▶ _WHAT NEEDS TO BE DONE_
An exact, complete copy of the entries is needed, with the pictures left out.

Entries taken from a collection

^^^^^^^^

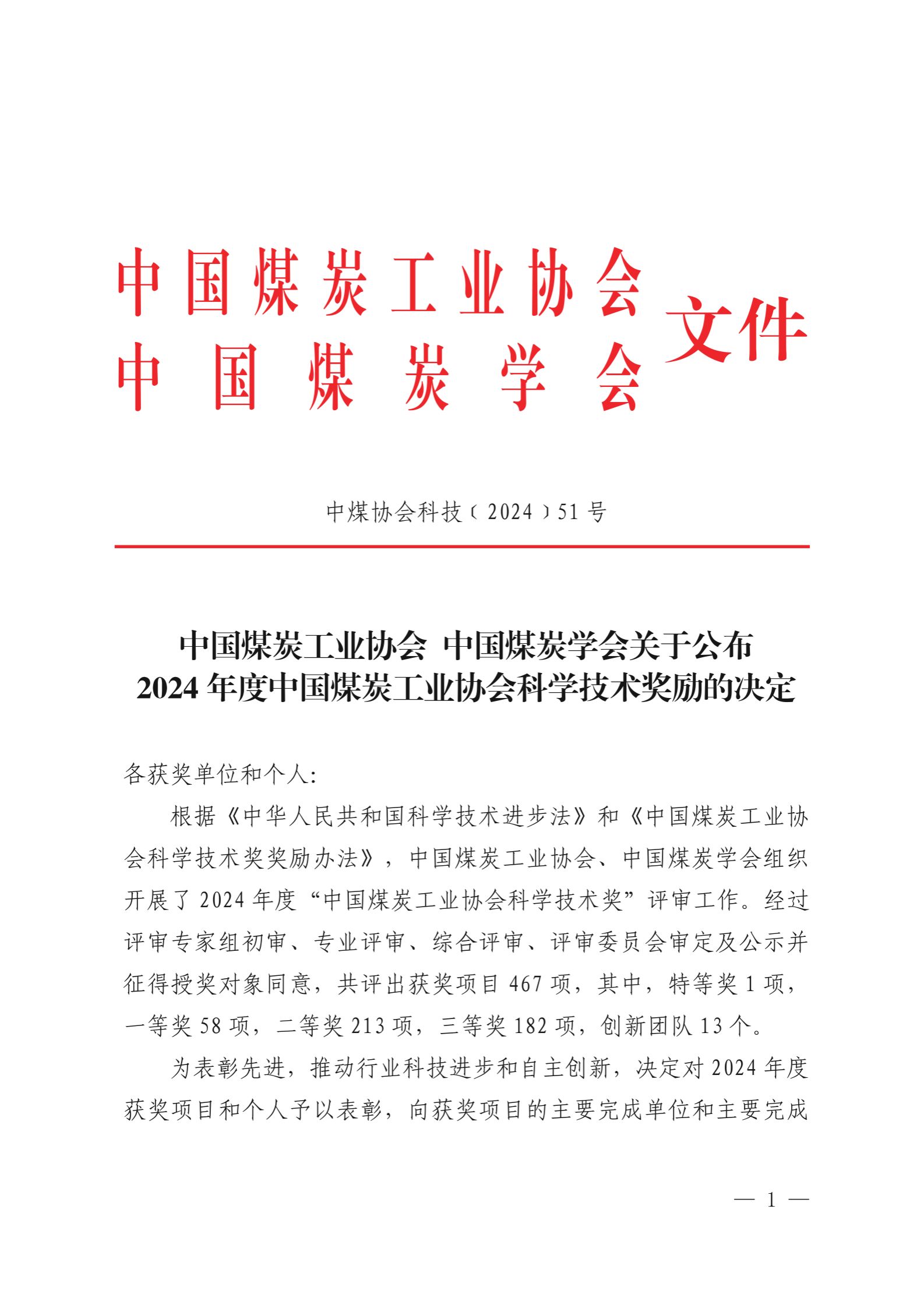 中国煤炭工业协会是拥有国家科技奖直接推荐权的国家一级协会,“中国煤炭工业协会科学技术奖”是经国家科技部批准备案,中国煤炭工业协会组织开展的全国煤炭行业科技奖。经过评审专家组初审、专业评审、综合评审、评审委员会审定及公示并征得授奖对象同意,共评出获奖项目467项,其中,特等奖1项,一等奖58项,二等奖213项,三等奖182项,创新团队13个。
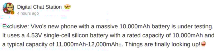 В отдельном комментарии блогер ответил на вопрос, могут ли флагманские телефоны Vivo в этом году достичь 9 000 мАч. По словам Digital Chat Station, основная флагманская линейка вряд ли выйдет на этот уровень, но телефоны суббренда iQOO могут получить элемент на 9 000 мАч.
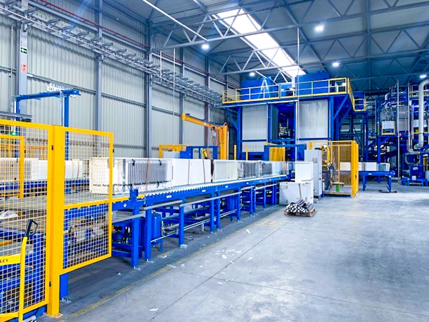 The plant is configured for a processing capacity of 4 tonnes per hour. The process is based on VHC selective recycling. Only appliances containing halogen-free blowing agents are processed within the selective treatment line.
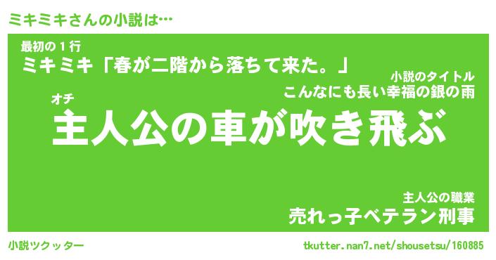 | 男性向けラノベタイトル風あだ名 | 『ミキミキの憂鬱』 |
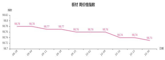 本周,板材类周价格指数收于98.73点,环比下跌0.01点。其中石膏板类周价格指数下跌0.08点,铝塑板类周价格指数上涨0.04点。
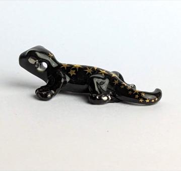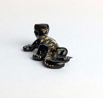 Sie suchen etwas wirklich Außergewöhnliches für Ihre Sammlung? Dann haben wir genau das Richtige für Sie! Unsere kunstvoll handbemalte Keramikfigur in der Form eines schwarzen Gekkos mit goldenen Sternen auf dem Rücken wird Ihr Zuhause aufpeppen und für Aufregung sorgen.
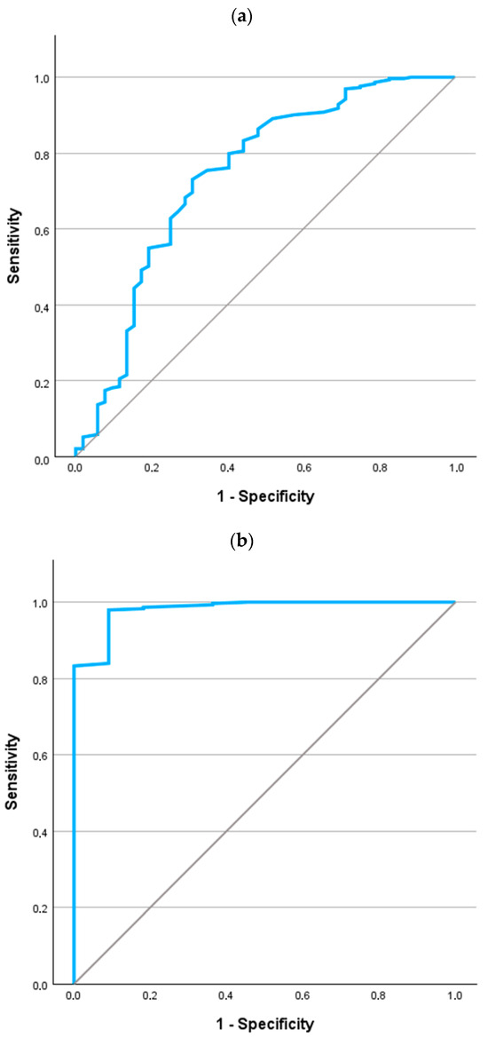 The ROC curve for a diagnosis of AATD in CF is referenced in Figure 2. For the entire population (Figure 2a), the area under the curve was 0.740 (p < 0.001; 95% confidence interval 0.658 to 0.823). For the detection of any AAT mutation, the best cutoff value was 129 mg/dL. This reported a sensitivity of 73.0% (95% confidence interval 68.4% to 77.7%) and specificity of 69.2% (95% confidence interval 64.4% to 74.1%).
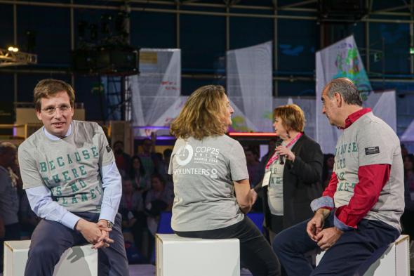 Desde el estrado, ha insultado a Almeida, pero también la presidente estadounidense, Donald Trump, “por abandonar los acuerdos globales de acción contra la crisis climática”.
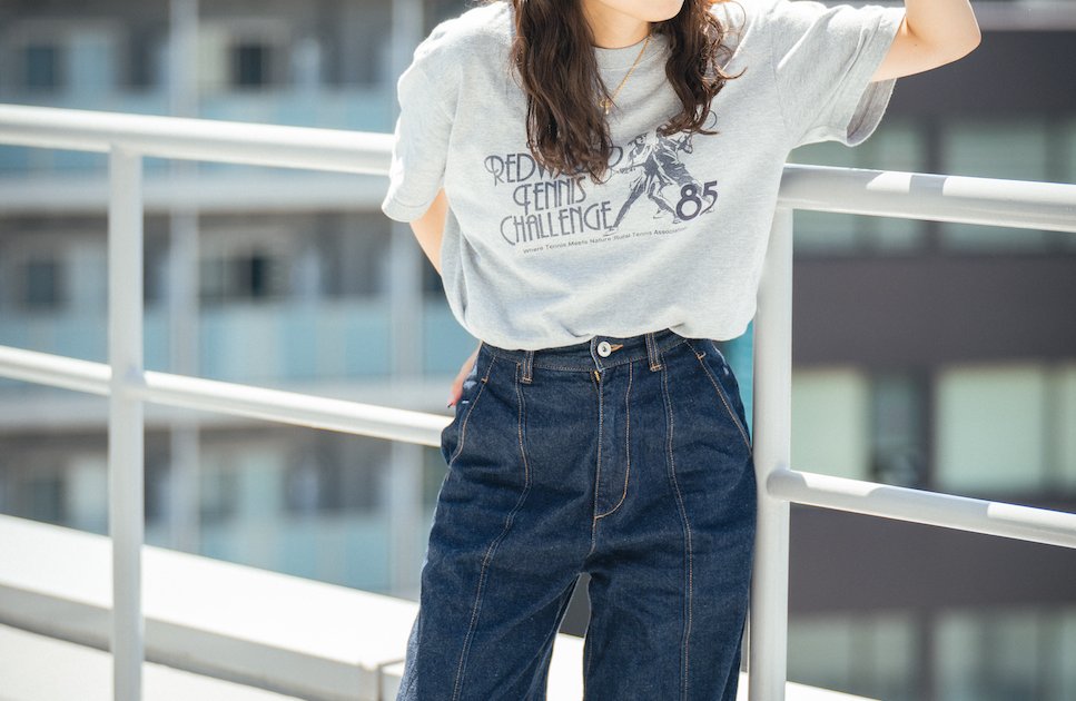 「Tシャツとデニムの定番コーディネートは、赤キャップで差し色を加えるのがお気に入り!低彩度の色と合わせることで赤が引き立ちます。《スティーブン アラン》のデニムは縦にステッチが入っていて、脚がすらっとして見えるので愛用しています」
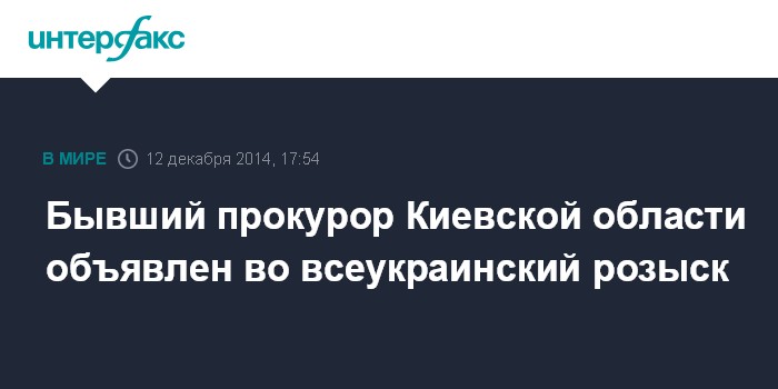 Москва. 12 декабря. INTERFAX.RU - Генеральная прокуратура Украины уведомила о подозрении и объявила в розыск бывшего прокурора Киевской области за причастность к незаконному освобождению из колонии бывшего народного депутата Виктора Лозинского. Об этом на брифинге в пятницу в Киеве сообщил старший помощник генерального прокурора по особым поручениям Валерий Карпунцов. По его словам, бывший прокурор объявлен во всеукраинский розыск, изучаются основания для объявления его в международный розыск.
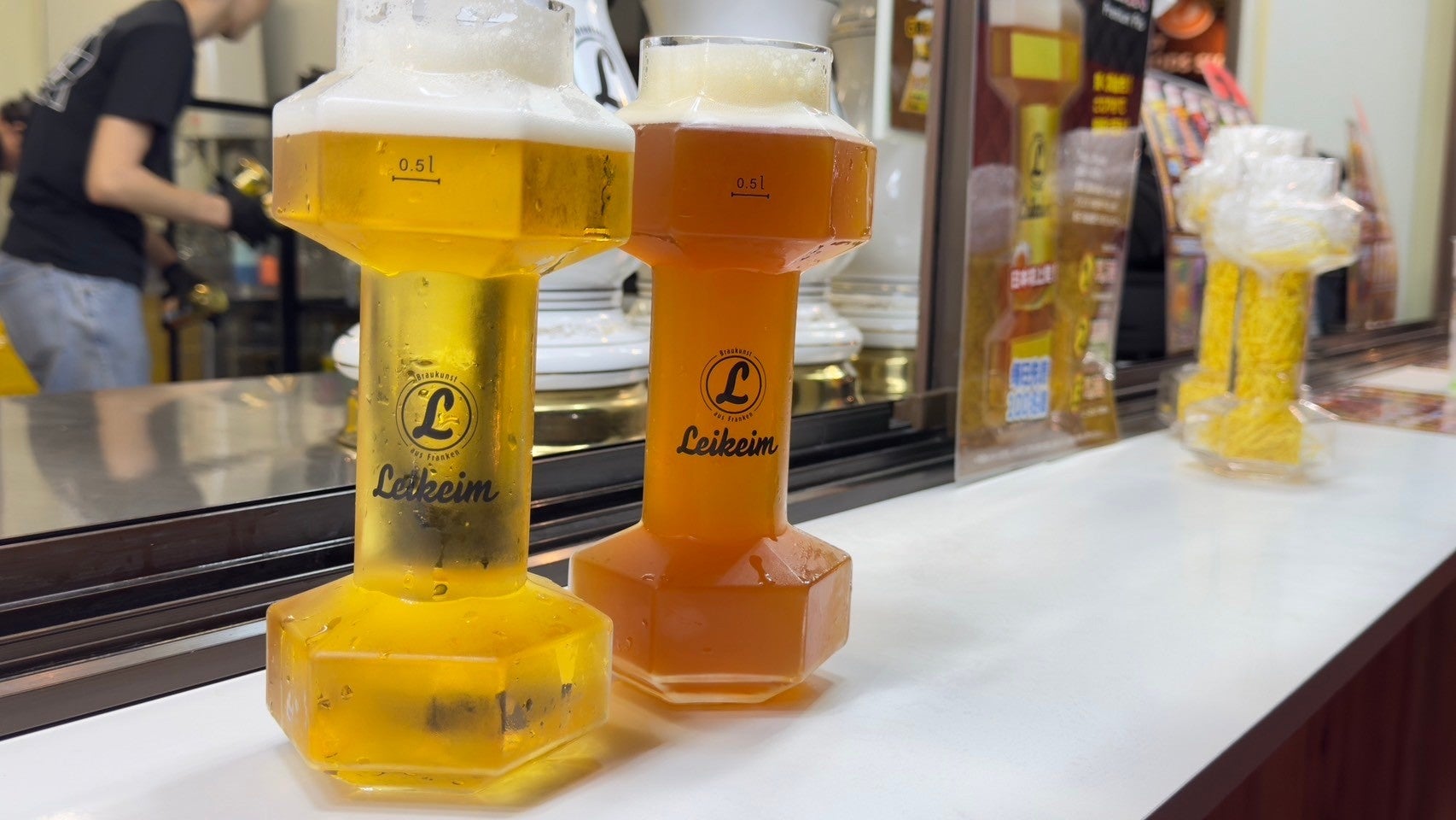 また、春に開催したオクトーバーフェストの会場でも大人気!ライカイムの「ダンベル型」のビールジョッキも登場!
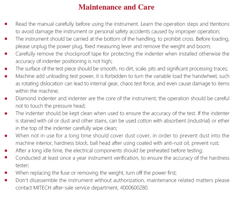 l The indenter should be kept clean when used to ensure the accuracy of the test. If the indenter is stained with oil or dust
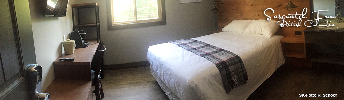 Ich kann nicht leugnen, dass mich das selbst ein Stück bewegt! Wer SK seit nunmehr 25 Jahre begleitet, weiß, dass seinerzeit alles am Sasquatch Inn angefangen hat. Unsere erste Material-Cabin steht hier immer noch. Das charismatische Sasquatch Inn am Harrison River zwischen Mission und Harrison Hot Springs war eigentlich schon immer Kult. Die perfekte Kneipe im Nirgendwo. Wie aus einem Film. Doch die Zimmer passten einfach nicht zum SK-Standard. Doch genau das hat sich jetzt dramatisch geändert: Nachdem das Inn von außen ja ohnehin schon markant aufgehübscht wurde, sind jetzt alle Zimmer der oberen Etage voll-entkernt und rennoviert worden. Hammer! Habe im Sommer meinen Augen kaum getraut. Wunderschön - und jeder Raum mit privatem Bad!
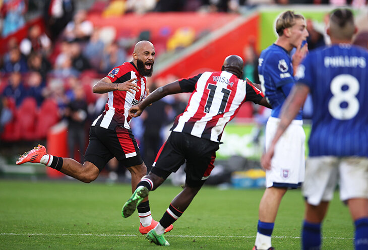 Только «Сити» дал контраст. Сразу четыре матча АПЛ в субботу – с драматичными развязками. Это «Ман Сити» спокойно дома обыграла «Саутгемптон» – 1:0 благодаря голу Эрлинга Холанда уже на пятой минуте, а остальные развлекались. «Брентфорд» теперь забивает на последних минутах таймов. Так спасли матч против «Ипсвича» с 0:2 «Брентфорд», в прошлом туре наконец-то переставший забивать на первых минутах, задал новый тренд – теперь голы в конце таймов. Против «Ипсвича» это принесло три очка в сложном домашнем матче. К 31-й минуте «Брентфорд» уже проигрывал 0:2 – забили Сэмми Смодич и Джордж Херст. Но в конце тайма сравняли: на 44-й забил Иоанн Висса, а в добавленное время Харрисон Кларк отправил в свои. В начале второго тайма этот же Кларк, впервые вышедший в стартовом составе, привез пенальти, а потом удалился за вторую желтую. Благодаря голу Бриана Мбемо с 11-метрового «Брентфорд» повел 3:2, «Ипсвич» в меньшинстве сравнял – навес замкнул Лиам Делап (да, сын короля аутов Рори Делапа). А дальш
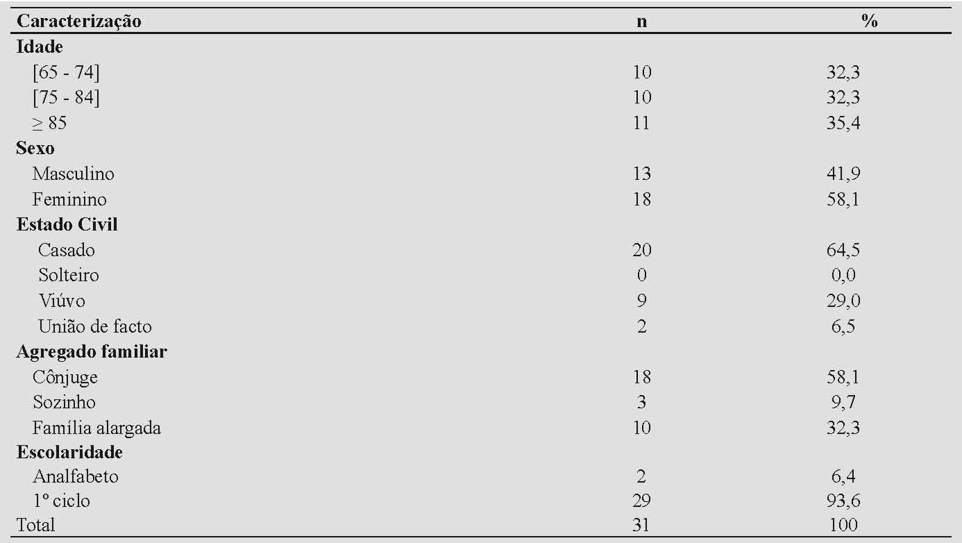 Dos 31 idosos, 35,4% (n=11) tem idade igual ou superior a 85 anos; 58,1% (n=18) são mulheres; 64,5% (n=20) são casados; 58,1% (n=18) vivem com o cônjuge e têm baixa escolaridade, com 93,6% (n=29) a ter somente o 1º ciclo (Tabela I).
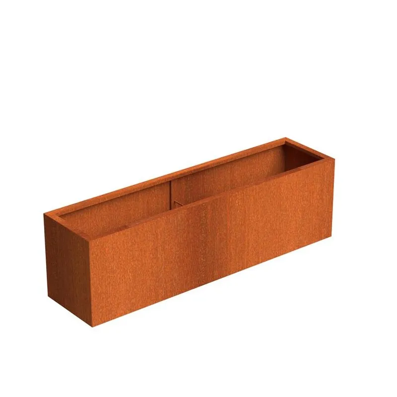 Cortenstahl, auch Verwitterungsstahl genannt, ist eine Stahllegierung aus Eisen mit Zusatz von Kupfer, Silizium, Nickel und Chrom. Sobald Corten Steel den Elementen ausgesetzt ist, es einen natürlichen Luftstrom hat und eine schützende Rostschicht bildet, kann es mehrere Monate dauern. Diese natürliche, feste Rostschicht schützt vor weiterer Korrosion. Ein Merkmal von Corten Steel ist Orange-Braun (Rostfarbe) und seine Langlebigkeit.
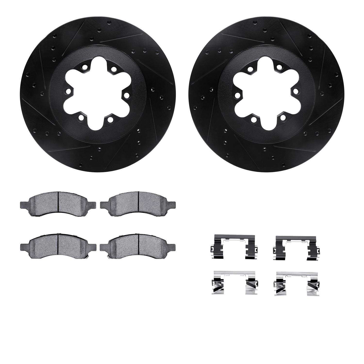 - DFC Brake Rotor - Dimpled & Slotted - Black w/5000 Brake Pads & HW Kit

^^^^^^^^

▶ _THE COMPLETED TASK_
 中国煤炭工业协会是拥有国家科技奖直接推荐权的国家一级协会,“中国煤炭工业协会科学技术奖”是经国家科技部批准备案,中国煤炭工业协会组织开展的全国煤炭行业科技奖。经过评审专家组初审、专业评审、综合评审、评审委员会审定及公示并征得授奖对象同意,共评出获奖项目467项,其中,特等奖1项,一等奖58项,二等奖213项,三等奖182项,创新团队13个。
 В отдельном комментарии блогер ответил на вопрос, могут ли флагманские телефоны Vivo в этом году достичь 9 000 мАч. По словам Digital Chat Station, основная флагманская линейка вряд ли выйдет на этот уровень, но телефоны суббренда iQOO могут получить элемент на 9 000 мАч.
 The plant is configured for a processing capacity of 4 tonnes per hour. The process is based on VHC selective recycling. Only appliances containing halogen-free blowing agents are processed within the selective treatment line.
 | 男性向けラノベタイトル風あだ名 | 『ミキミキの憂鬱』 |
 本周,板材类周价格指数收于98.73点,环比下跌0.01点。其中石膏板类周价格指数下跌0.08点,铝塑板类周价格指数上涨0.04点。
 Sie suchen etwas wirklich Außergewöhnliches für Ihre Sammlung? Dann haben wir genau das Richtige für Sie! Unsere kunstvoll handbemalte Keramikfigur in der Form eines schwarzen Gekkos mit goldenen Sternen auf dem Rücken wird Ihr Zuhause aufpeppen und für Aufregung sorgen.
 The ROC curve for a diagnosis of AATD in CF is referenced in Figure 2. For the entire population (Figure 2a), the area under the curve was 0.740 (p < 0.001; 95% confidence interval 0.658 to 0.823). For the detection of any AAT mutation, the best cutoff value was 129 mg/dL. This reported a sensitivity of 73.0% (95% confidence interval 68.4% to 77.7%) and specificity of 69.2% (95% confidence interval 64.4% to 74.1%).
 Desde el estrado, ha insultado a Almeida, pero también la presidente estadounidense, Donald Trump, “por abandonar los acuerdos globales de acción contra la crisis climática”.
 「Tシャツとデニムの定番コーディネートは、赤キャップで差し色を加えるのがお気に入り!低彩度の色と合わせることで赤が引き立ちます。《スティーブン アラン》のデニムは縦にステッチが入っていて、脚がすらっとして見えるので愛用しています」
 Москва. 12 декабря. INTERFAX.RU - Генеральная прокуратура Украины уведомила о подозрении и объявила в розыск бывшего прокурора Киевской области за причастность к незаконному освобождению из колонии бывшего народного депутата Виктора Лозинского. Об этом на брифинге в пятницу в Киеве сообщил старший помощник генерального прокурора по особым поручениям Валерий Карпунцов. По его словам, бывший прокурор объявлен во всеукраинский розыск, изучаются основания для объявления его в международный розыск.
 また、春に開催したオクトーバーフェストの会場でも大人気!ライカイムの「ダンベル型」のビールジョッキも登場!
 l The indenter should be kept clean when used to ensure the accuracy of the test. If the indenter is stained with oil or dust
 Ich kann nicht leugnen, dass mich das selbst ein Stück bewegt! Wer SK seit nunmehr 25 Jahre begleitet, weiß, dass seinerzeit alles am Sasquatch Inn angefangen hat. Unsere erste Material-Cabin steht hier immer noch. Das charismatische Sasquatch Inn am Harrison River zwischen Mission und Harrison Hot Springs war eigentlich schon immer Kult. Die perfekte Kneipe im Nirgendwo. Wie aus einem Film. Doch die Zimmer passten einfach nicht zum SK-Standard. Doch genau das hat sich jetzt dramatisch geändert: Nachdem das Inn von außen ja ohnehin schon markant aufgehübscht wurde, sind jetzt alle Zimmer der oberen Etage voll-entkernt und rennoviert worden. Hammer! Habe im Sommer meinen Augen kaum getraut. Wunderschön - und jeder Raum mit privatem Bad!
 Только «Сити» дал контраст. Сразу четыре матча АПЛ в субботу – с драматичными развязками. Это «Ман Сити» спокойно дома обыграла «Саутгемптон» – 1:0 благодаря голу Эрлинга Холанда уже на пятой минуте, а остальные развлекались. «Брентфорд» теперь забивает на последних минутах таймов. Так спасли матч против «Ипсвича» с 0:2 «Брентфорд», в прошлом туре наконец-то переставший забивать на первых минутах, задал новый тренд – теперь голы в конце таймов. Против «Ипсвича» это принесло три очка в сложном домашнем матче. К 31-й минуте «Брентфорд» уже проигрывал 0:2 – забили Сэмми Смодич и Джордж Херст. Но в конце тайма сравняли: на 44-й забил Иоанн Висса, а в добавленное время Харрисон Кларк отправил в свои. В начале второго тайма этот же Кларк, впервые вышедший в стартовом составе, привез пенальти, а потом удалился за вторую желтую. Благодаря голу Бриана Мбемо с 11-метрового «Брентфорд» повел 3:2, «Ипсвич» в меньшинстве сравнял – навес замкнул Лиам Делап (да, сын короля аутов Рори Делапа). А дальш
 Dos 31 idosos, 35,4% (n=11) tem idade igual ou superior a 85 anos; 58,1% (n=18) são mulheres; 64,5% (n=20) são casados; 58,1% (n=18) vivem com o cônjuge e têm baixa escolaridade, com 93,6% (n=29) a ter somente o 1º ciclo (Tabela I).
 Cortenstahl, auch Verwitterungsstahl genannt, ist eine Stahllegierung aus Eisen mit Zusatz von Kupfer, Silizium, Nickel und Chrom. Sobald Corten Steel den Elementen ausgesetzt ist, es einen natürlichen Luftstrom hat und eine schützende Rostschicht bildet, kann es mehrere Monate dauern. Diese natürliche, feste Rostschicht schützt vor weiterer Korrosion. Ein Merkmal von Corten Steel ist Orange-Braun (Rostfarbe) und seine Langlebigkeit.
 - DFC Brake Rotor - Dimpled & Slotted - Black w/5000 Brake Pads & HW Kit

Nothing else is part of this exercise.